Я послала в Дмитров пригласить на освящение настоятеля Борисоглебского монастыря, архимандрита Досифея, по фамилии Голенищева-Кутузова. Он был человек очень видный из себя и представительный и служение совершал с большим благоговением. Ему было лет под 70. Он сказывал, что еще в молодости чувствовал склонность к монашеской жизни, но по домашним обстоятельствам должен был вступить в службу, которую начал очень рано, в первые годы царствования императрицы Екатерины II; бывал не раз в сражениях и, дослужившись до капитана, вышел в отставку с майорским чином, имея от роду около 40 лет, и в скором после того времени решился исполнить давнее свое желание – идти в монахи. Куда поступил он сперва – не могу сказать, но пострижен в Екатерининской пустыни (поблизости от Каширской дороги) и был там невступно три года настоятелем. Пустынь была скудная, братство очень малое и все больше из подначальных, так что ему было много оттого хлопот и неприятностей. Он и решился оставить начальство, стал проситься на покой у митрополита Платона и был определен в Троицкую лавру в число монахов, и так провел очень спокойно и мирно более двух лет. За год до нашествия французов на Россию, в мае месяце (в скором времени после кончины известного в свое время архимандрита Пешношского Макария, прежде управлявшего и Дмитровским монастырем), на место переведенного из Дмитрова бывшего там игумена в другой монастырь владыка призвал отца Досифея и объявил ему о его назначении в Борисоглебский монастырь и в июле месяце сам посвятил его в архимандрита. 459
Отец Досифей был муж словесный и духовный, в управлении взыскательный и строгий, а в своей келейной жизни истинный подвижник. В скором времени, в это же лето, он был переведен в Москву в Златоустов монастырь.

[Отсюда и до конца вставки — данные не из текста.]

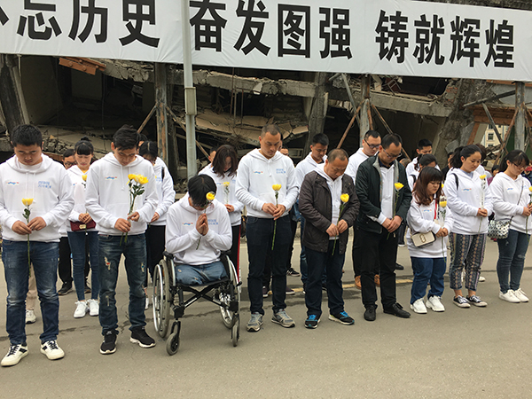 当日,降温的北川只有12℃左右。上午10点,师生们穿着印有“北川中学2010级7班”字样的白色卫衣,来到北川老县城地震遗址,为在地震中遇难的同胞默哀;随后,他们来到北川中学遗址,为在地震中遇难的教师和学生三鞠躬、默哀并献花。

При освящении нашей церкви, кроме духовного торжества и заупокойной обедни с панихидою, ничего не было: мы были в глубоком трауре, и не до веселий нам было, да и неприлично созывать друзей и соседей. С нами плакали и молились только наши самые близкие: Титовы, да из Хорошилова Елизавета Сергеевна и ее сестра Бутурлина.
Со мной приехала из Москвы сестра Анна Петровна, а накануне мой деверь Николай Александрович с Федосьей Андреевной и с кем-то из детей. Возвратились мы из церкви, напились чаю и пошли уже за стол обедать. Сняли горячее… слышим, кто-то стучится в стеклянную дверь, что на балконе. Говорю людям, чтобы посмотрели, кто там. Отворяется дверь из маленькой гостиной, и входит князь Иван Михайлович Долгоруков.

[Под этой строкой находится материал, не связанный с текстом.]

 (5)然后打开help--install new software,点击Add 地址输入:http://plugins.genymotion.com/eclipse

– Вот, Елизавета Петровна, – говорит он, – не привел Бог побывать здесь при хозяине, так, по крайней мере, после него приехал навестить его скорбную вдову и его помянуть.
Мы с сестрой переглянулись, нас обеих это покоробило, и показалось нам приветствие князя Ивана Михайловича не очень уместным... Умный был человек, но часто, по живости своего характера, делал непростительные промахи.

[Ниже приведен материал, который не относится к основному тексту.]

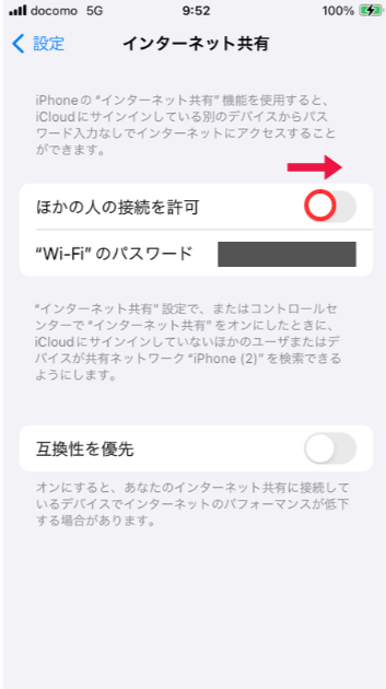 しょうテザリングは、iPhoneと接続するデバイスの2つの設定があります。それぞれ見ていきましょう。

Он выехал из Москвы очень рано поутру и надеялся попасть вовремя к поздней обедне, но что-то такое приключилось на дороге с его коляской, и он попал только уже к обеду.
Благодарна была я ему за его дружбу к покойному моему мужу, но, признаюсь, подосадовала на его не совсем уместное приветствие…
Преосвященный Августин отзывался о нем как о человеке умном и говорил: «Князь Иван Михайлович вельми умен, но не вельми благоразумен». И точно, он часто увлекался и делал иногда промахи, каких не сделает и человек с очень посредственным умом. По этой причине он и пострадал, когда был губернатором. 460 Честный и хороший человек, любящий муж и нежный отец, в обществе человек самый приятный, в дружбе очень преданный и в свое время не последний из писателей, он все имел, чтобы сделать блестящую карьеру, и при этом, как и сам говаривал, никогда не мог выбиться из давки: он всю жизнь свою провел под тяжелым гнетом долгов и врагов. Это потому, быть может, что он был великий мастер на всякие приятные, но ненужные дела, а как только представлялось какое-нибудь дело нужное и важное, точно у него делалось какое затмение ума: он принимался хлопотать, усердно хлопотал и все портил и много раз совершенно бы погиб, если бы влиятельные друзья и сильные помощники не выручили его из беды.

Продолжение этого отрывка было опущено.